А если раздумаешься, то сам увидишь, что и нельзя не улыбаться. Вот хоть бы судьба этих двух братьев – чего и чего не придет в голову, думая о них!
Разница, бывшая между моим отцом и Сенатором, бледнеет перед резкой противуположностью их, несмотря на то, что они выросли в одной комнате, имели одного гувернера, одних учителей, одинакую обстановку.
Старший брат был блондин с британски-рыжеватым оттенком, с светлосерыми глазами, которые он любил щурить и которые говорили о невозмущаемом штиле души. С летами фигура его все больше и больше выражала чувство полного уважения к себе и какой-то психической сытости собою. Он тогда стал щурить не только глазами, но и ноздрями особенного, довольно удачного покроя. Говоря, он почесывал третьим пальцем левой руки волосы на висках, всегда подвитые и правильно причесанные, притом он постоянно держал губы на благосклонной улыбке; последнее он унаследовал у матери и у Лампиева портрета Екатерины II. Правильные черты его вместе с стройным и довольно высоким ростом, с тщательно округленными движениями, с шейным платком, которого узел «никогда не был ни велик, ни мал», придавали ему какую-то торжественную красоту – посаженого отца, почетного свидетеля, человека, которому предоставлено раздавать награды отличившимся ученикам, или по крайней мере человека, приехавшего поздравить с Рождеством Христовым или с наступающим Новым годом. Но для будней, для ежедневного обихода он был слишком наряден.

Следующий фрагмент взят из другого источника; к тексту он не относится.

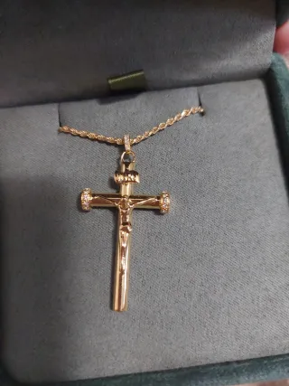 Nuevo. Elegante collar de acero inoxidable 316L con baño de oro. - Colgante en forma de cruz, adornado con circonitas en talla baguette de gran brillo. - Cadena fina ajustable. - Presentado en cajita de regalo. - Gran calidad NO pierde el color. NO hago envíos, recoger por mi zona.
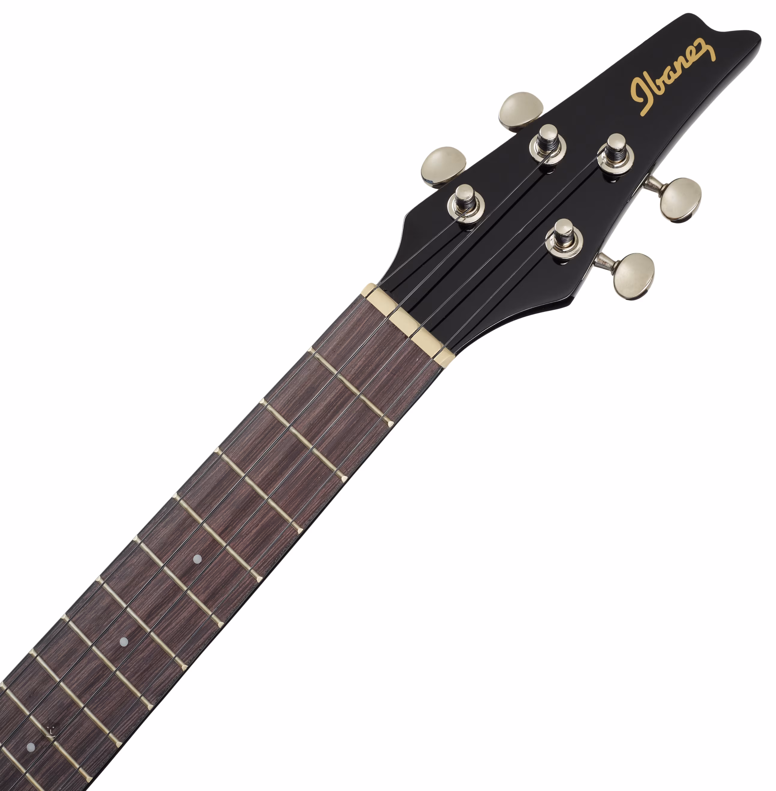 Die elektroakustische Ukulele Ibanez UICT10-BK im Tenorformat ist eine verkleinerte viersaitige Adaption der berühmten Ibanez Iceman E-Gitarre.
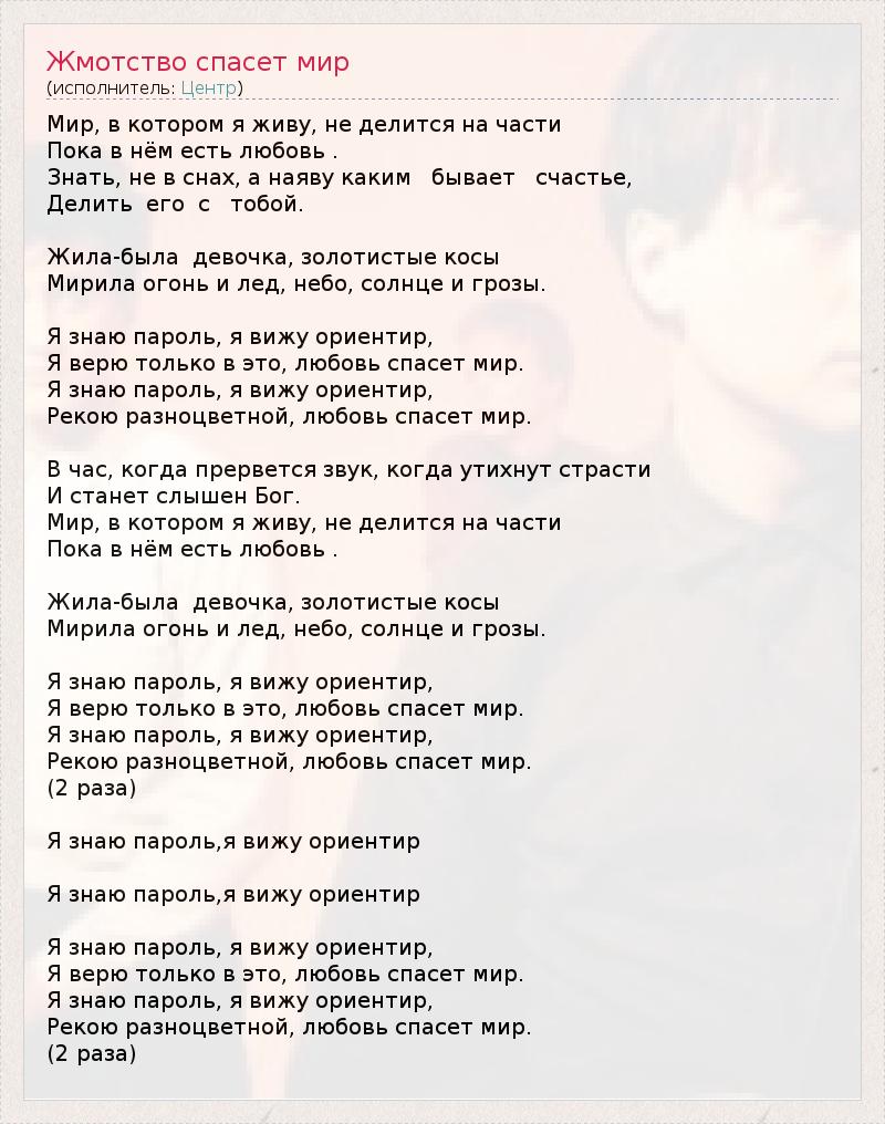 ГлавнаяИсполнителиЦентрЖмотство спасет мир
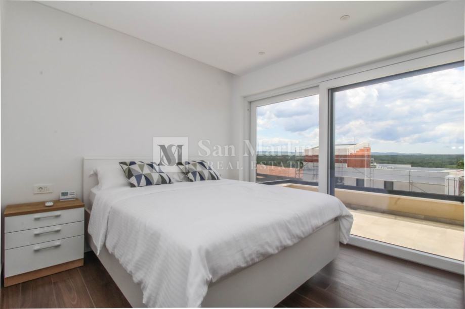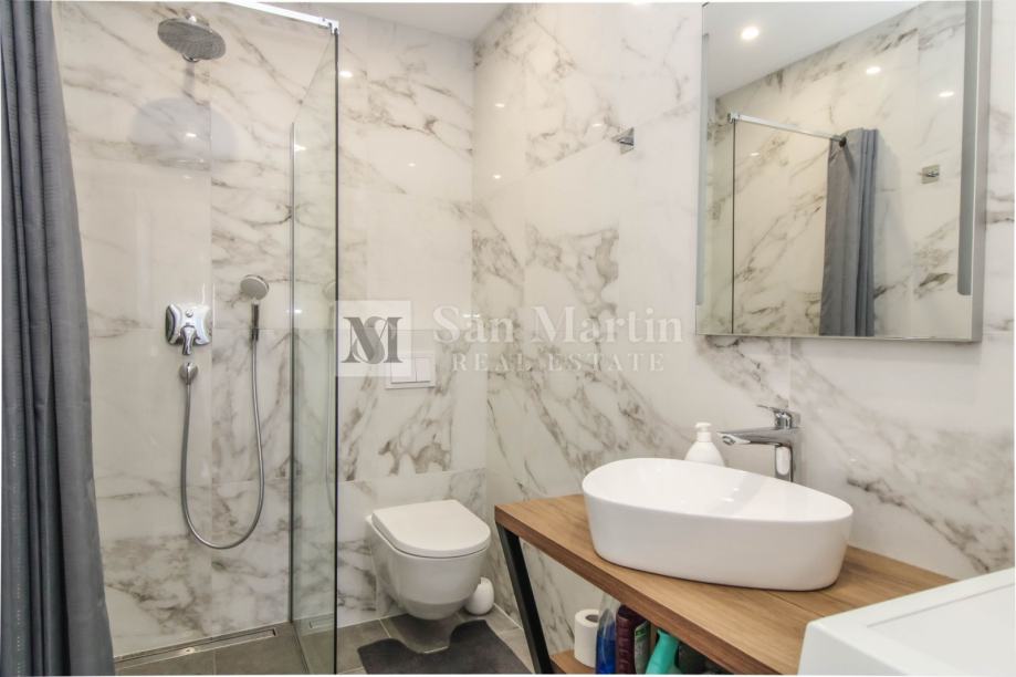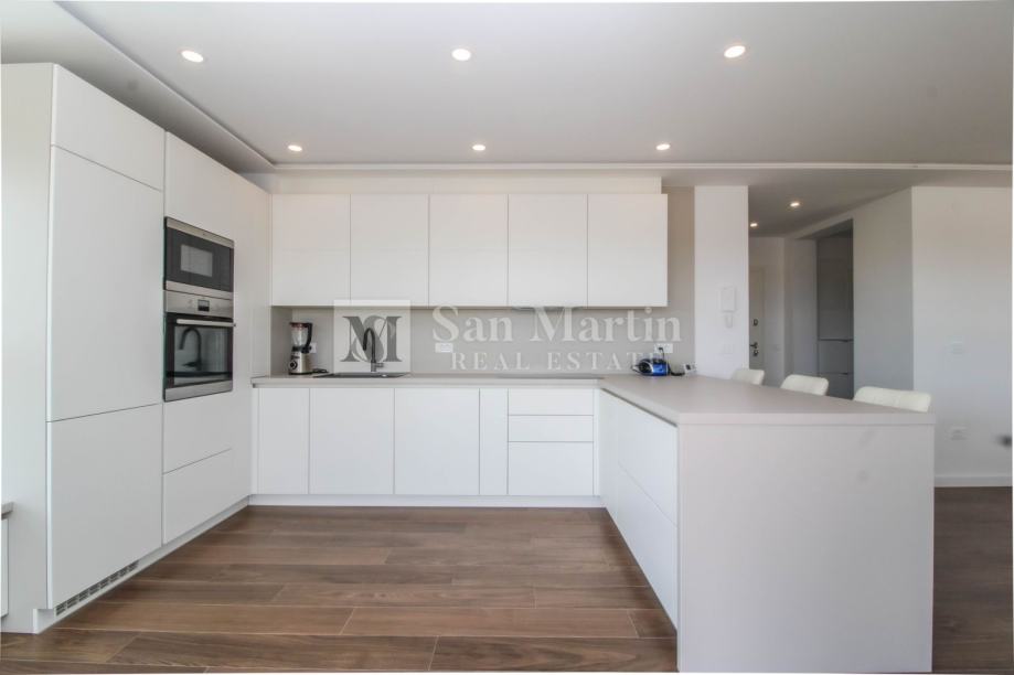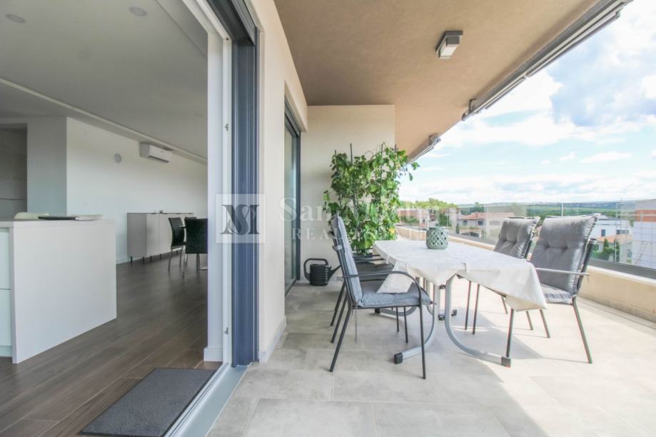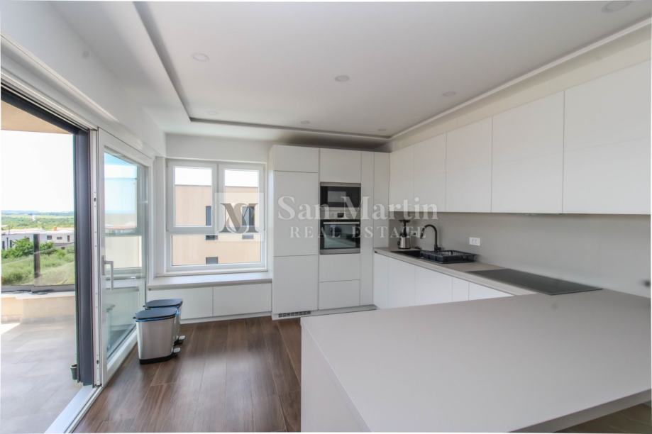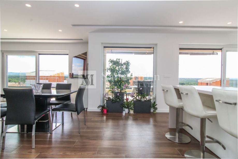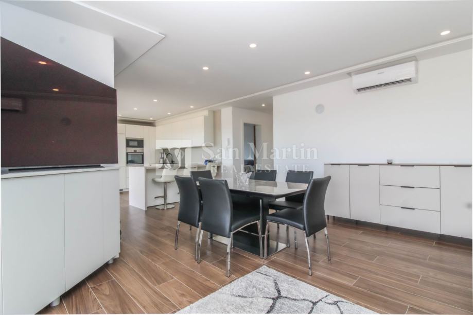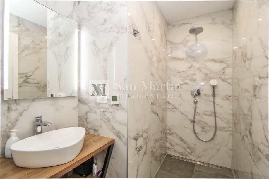 Stan se smjestio na drugom katu manje stambene zgrade. Ukupna površina nekretnine je 105 m2 koja se sastoji od prostranog osunčanog dnevnog boravka sa kuhinjom i blagovaonom open - space koncepta sa izlazom na veliku natkrivenu terasu sa koje se pruža prekrasan pogled na more i okolicu. Tu su i tri spavaće sobe sa vlastitim kupaonama. Jedna od spavaćih soba ima vlastiti izlaz na terasu.
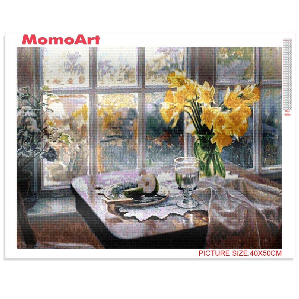 MomoArt Алмазная вышивка цветок картина стразы Алмазная мозаика окно пейзаж подарок ручной работы декор для дома
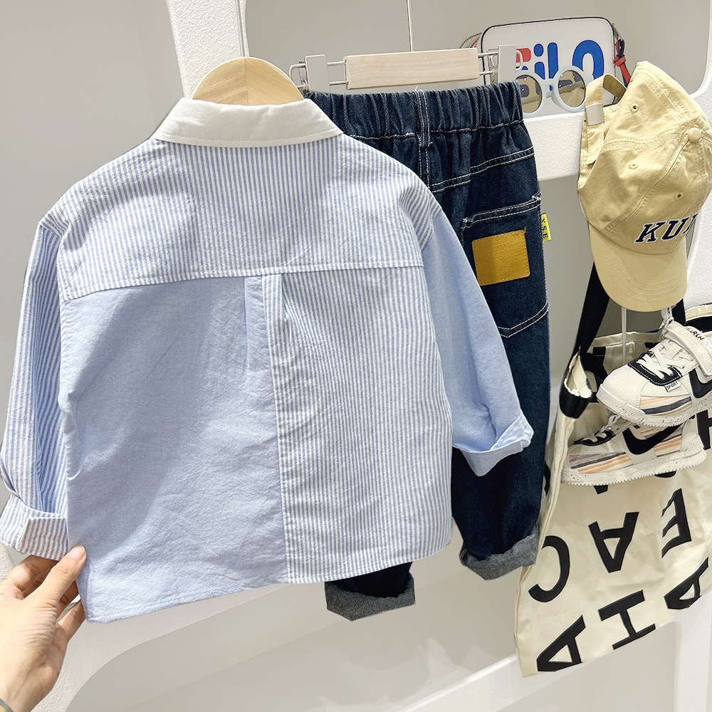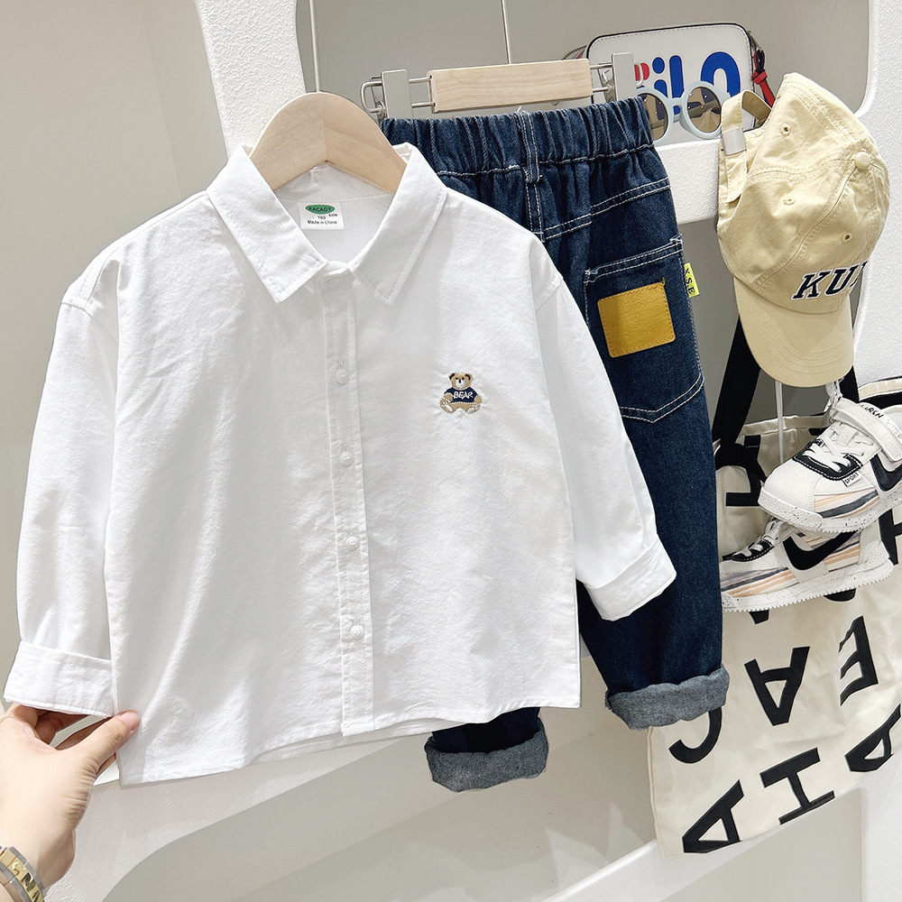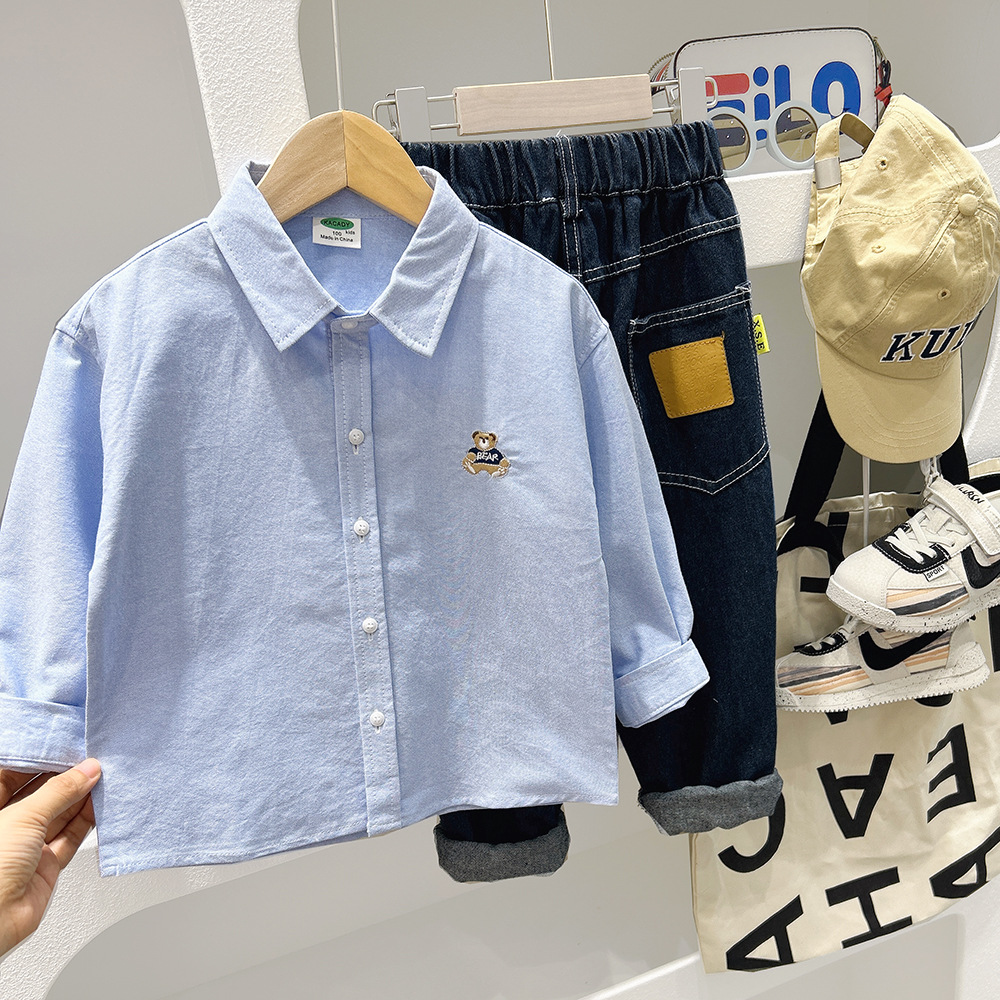 Детская осенняя рубашка с длинными рукавами, новинка 2025 года, тонкая верхняя одежда-оксфорд для мальчиков среднего и большого размера, детская повседневная рубашка с героями мультфильмов, тренд
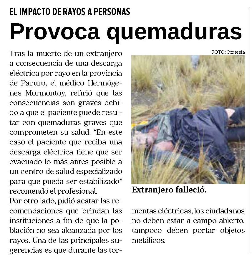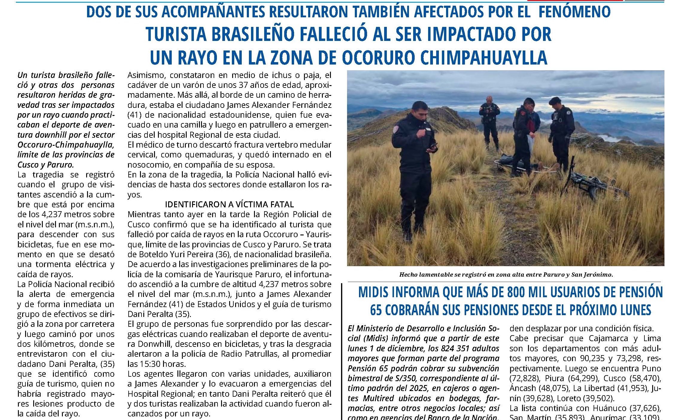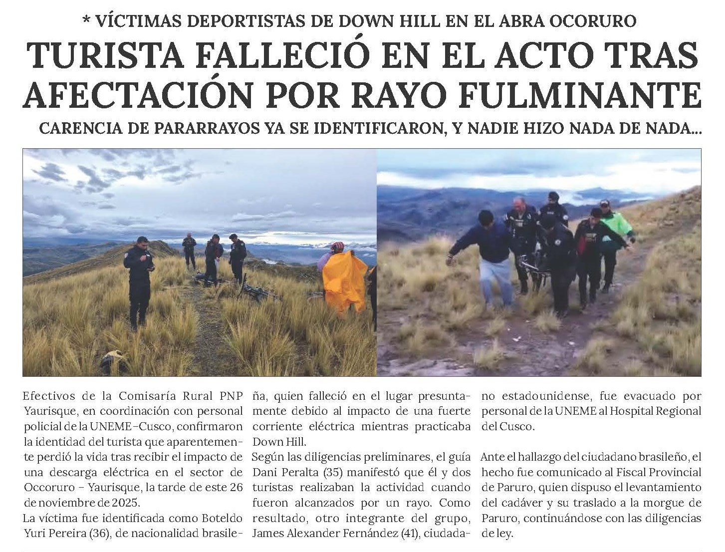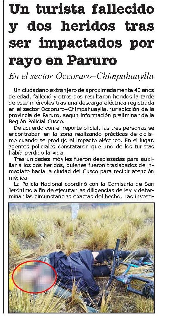 (…) Se trata de Boteldo Yuri Pereira (36), de nacionalidad brasileña. De acuerdo a las investigaciones preliminares de la policía de la comisaría de Yaurisque Paruro, el infortunado ascendió a la cumbre de altitud 4,237 metros sobre el nivel del mar (m.s.n.m.), junto a James Alexander Fernández (41) de Estados Unidos y el guía de turismo Dani Peralta (35).
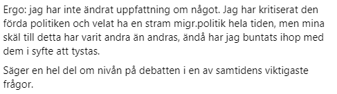 Hon kunde lika gärna ha skrivit att hennes skäl varit mer ädla än andras för det är exakt det hon menar. Men på vilket sätt just hennes kritik mot den restriktionslösa invandringspolitiken är finare än andras förklarar hon inte. Det vet hon förmodligen inte själv. Hon vet bara att hon är lite bättre, godare och finare än andra.
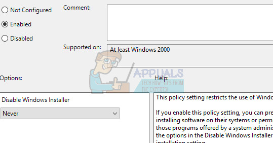 - Double click on the “Turn off Windows Installer” policy option, check the box next to the “Enabled” option, and set the Disable Windows Installer option to Never.
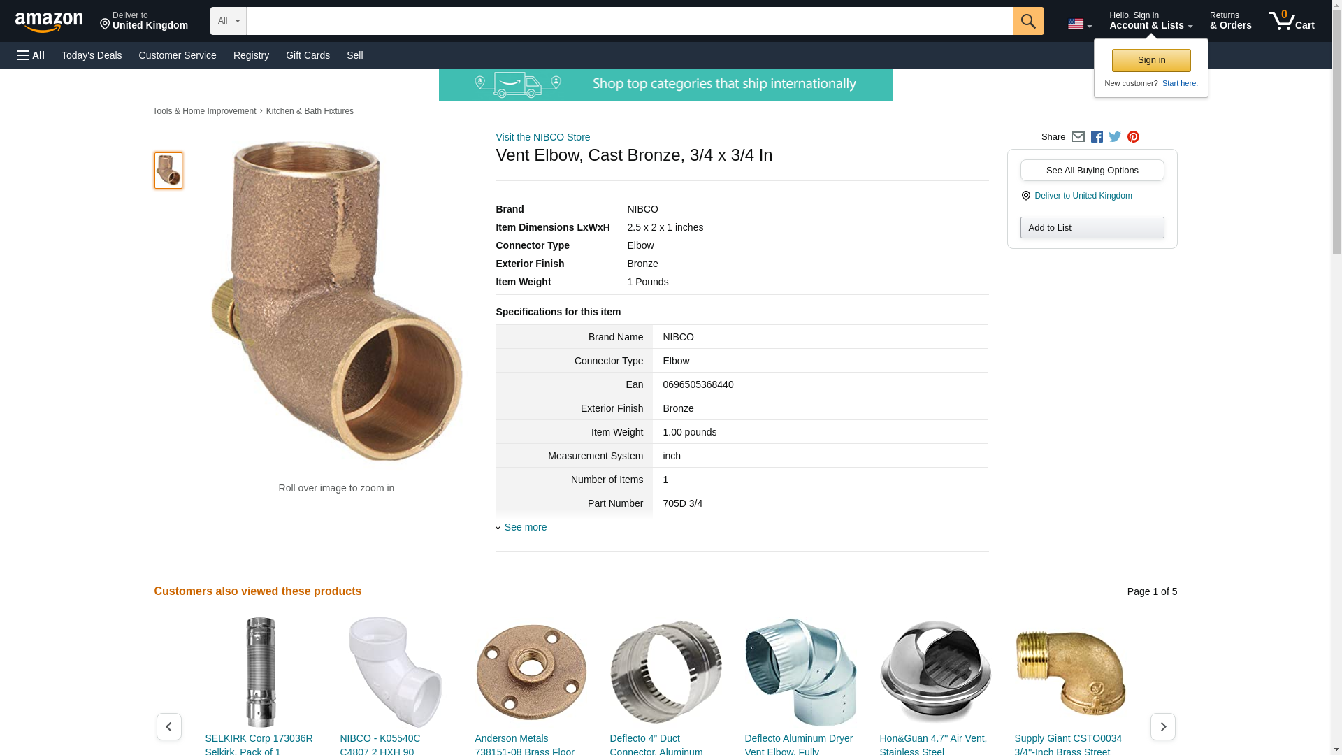 | Feature | Price For: Each Standards: ASME B16.18 Fitting Connection Type: C x C Tube Fitting Material: Cast Bronze Basic Fitting Material: Metal Basic Fitting Shape: Elbow Item: Vent Elbow Specific Fitting Shape: Elbow Temp. Range: -20 Degrees to 400 Degrees F Max. Pressure: 466 psi@200 Degrees F Tube Size: 3/4" Outside Dia.: 7/8" Country of Origin (subject to change): United States |

Вся его жизнь была рядом наград за успехи и нравственность. Он их заслуживал вполне. Маршаль, поседевший от меньшого брата его, не мог нахвалиться Дмитрием Павловичем и безусловно верил в непогрешительность его французского синтаксиса. Действительно, он говорил по-французски с той непорочной правильностью, с которой французы никогда не говорят (вероятно, потому, что в них не развито чувство сознания всей важности знать французскую грамматику). Четырнадцати лет он не только участвовал в управлении именьем, но перевел на французский язык в прозе всю «Россиаду» Хераскова для упражнения в стиле. Вероятно, старик радовался на том свете больше, чем «Лебедь на водах Меандра», узнавши это. Но Голохвастов не только правильно говорил по-французски и по-немецки, не только хорошо знал по-латыни, но знал и говорил правильно и хорошо по-русски. Так, как Маршаль считал его лучшим учеником, так его мать считала его лучшим сыном, дяди его – лучшим племянником, а князь Дмитрий Владимирович Голицын, когда он определился к нему на службу, считал его лучшим чиновником. Но что еще важнее – что все это действительно так и было. А странное дело… чувствовалось отсутствие чего-то. Он был умен, деловой человек, много читал и помнил – чего же больше, кажется, требовать?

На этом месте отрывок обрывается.